Узнав о том немедленно от замковой стражи, Его Святейшество вознегодовал и изгнал Рамиро де Лорку из города Ромы, велев покинуть город не позднее утренней зари и в Чезене дожидаться суда Его Светлости герцога».
Перуджа, 1349
Джентиле Бальони очень похож на кузена — чуть ниже ростом, чуть уже в плечах, чуть меньше знает, чуть хуже воюет, но на то он и моложе. Лет через пять разница станет незаметной, тогда в Перудже снова будут править двое — как их отцы, Гвидо и Родольфо. Как правильно. Один в поле, второй дома. В ночь резни он был в гостях в нижнем городе, услышал шум, оседлал коня — гнать на помощь — а тут уж и убийцы у дверей. Лошадь, Карло же когда-то и дарёная, хороша оказалась, вынесла. Вылетел в ближайшие ворота, думал, вернется. Вернулся. Но уже с людьми Джанпаоло, на день позже.

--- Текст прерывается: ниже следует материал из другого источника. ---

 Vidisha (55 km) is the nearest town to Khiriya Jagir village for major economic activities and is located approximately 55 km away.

— Я получил письма из Ромы, — говорит Джентиле старшему. — Новости мелкие, но я решил, что одну ты захочешь узнать сразу.
Бумага хрустит так, будто не хочет отдавать слова, не хочет разговаривать. Ее можно понять.

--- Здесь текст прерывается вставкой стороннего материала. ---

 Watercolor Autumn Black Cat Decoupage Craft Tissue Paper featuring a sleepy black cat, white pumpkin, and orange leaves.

— В ночь на 20 ноября… спящими… оба. Выловили ниже по течению… что ж, — улыбается Джанпаоло Бальони, — никто на свете не посмеет сказать, что Чезаре Корво не держит слова. Варано мертв и они это видели. А дальше никто ничего не обещал.
Он подходит к окну, кладет руки на камень. Вспоминает, как вот так же стоял в Имоле. Их выловили из реки. И смотрели, наверное. Как на Симонетто. Как на другого Асторре. Это не повод, не предлог, просто камешек на дороге, черный глазок на белой полированной грани игральной кости.

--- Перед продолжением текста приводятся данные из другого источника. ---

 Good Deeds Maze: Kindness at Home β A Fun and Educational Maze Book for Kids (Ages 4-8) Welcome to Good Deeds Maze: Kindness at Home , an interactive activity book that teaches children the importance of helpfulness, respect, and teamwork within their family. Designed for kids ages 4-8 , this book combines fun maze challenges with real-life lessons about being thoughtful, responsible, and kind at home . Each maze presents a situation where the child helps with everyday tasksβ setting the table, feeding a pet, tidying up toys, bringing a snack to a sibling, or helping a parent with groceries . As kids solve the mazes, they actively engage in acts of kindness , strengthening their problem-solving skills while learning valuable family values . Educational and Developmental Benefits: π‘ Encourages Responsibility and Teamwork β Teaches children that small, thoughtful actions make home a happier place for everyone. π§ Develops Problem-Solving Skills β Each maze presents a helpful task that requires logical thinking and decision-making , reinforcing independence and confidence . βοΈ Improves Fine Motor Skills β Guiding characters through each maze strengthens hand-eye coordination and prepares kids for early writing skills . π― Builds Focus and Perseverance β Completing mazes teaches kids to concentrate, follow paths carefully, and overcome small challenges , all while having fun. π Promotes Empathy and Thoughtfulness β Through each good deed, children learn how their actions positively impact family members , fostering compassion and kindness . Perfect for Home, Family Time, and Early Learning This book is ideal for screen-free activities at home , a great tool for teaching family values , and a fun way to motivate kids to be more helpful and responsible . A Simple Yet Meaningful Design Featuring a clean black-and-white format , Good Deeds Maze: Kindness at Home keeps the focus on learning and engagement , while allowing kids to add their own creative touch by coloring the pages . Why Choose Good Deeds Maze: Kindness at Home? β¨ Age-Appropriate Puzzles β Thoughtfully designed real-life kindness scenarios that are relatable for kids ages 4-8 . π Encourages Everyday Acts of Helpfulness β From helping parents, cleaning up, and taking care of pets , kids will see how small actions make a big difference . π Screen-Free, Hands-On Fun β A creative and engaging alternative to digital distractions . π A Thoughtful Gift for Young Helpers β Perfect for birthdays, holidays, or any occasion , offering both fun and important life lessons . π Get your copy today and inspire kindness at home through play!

— Братец, — спрашивает Джанпаоло, — как насчет идеи сыграть партию за звание знаменосца Церкви?
Неаполь, 1349
Солнца не видно — оно надежно укрыто толстым слоем мокрого серого войлока. Значит, никому не удастся разглядеть, как тень наползет на раскаленный солнечный диск — сначала слабая, едва заметная, потом, по мере движения, наливающаяся чернотой, и наконец скрывающая солнце целиком, или оставляющая тонкую светящуюся каемку.
Вместо этого наступит дождливая ночь среди пасмурного дня, наступит и пройдет.
— Мавры полагают, что затмение должно напоминать людям о наступлении Судного Дня, когда день и ночь, солнце и луна исчезнут насовсем. Они собираются на особую молитву салат-уль-касуф… — в голосе Гонсало де Кордуба много воспоминаний и еще больше неодобрения. — Вы выбрали дурной день для отъезда, Ваша Светлость.
Здешние белые, каменные внутренние дворы как раз мавританское наследство, не ромейское. Обычно в эту пору со двора бьет в окна отраженным светом. Сейчас — темно.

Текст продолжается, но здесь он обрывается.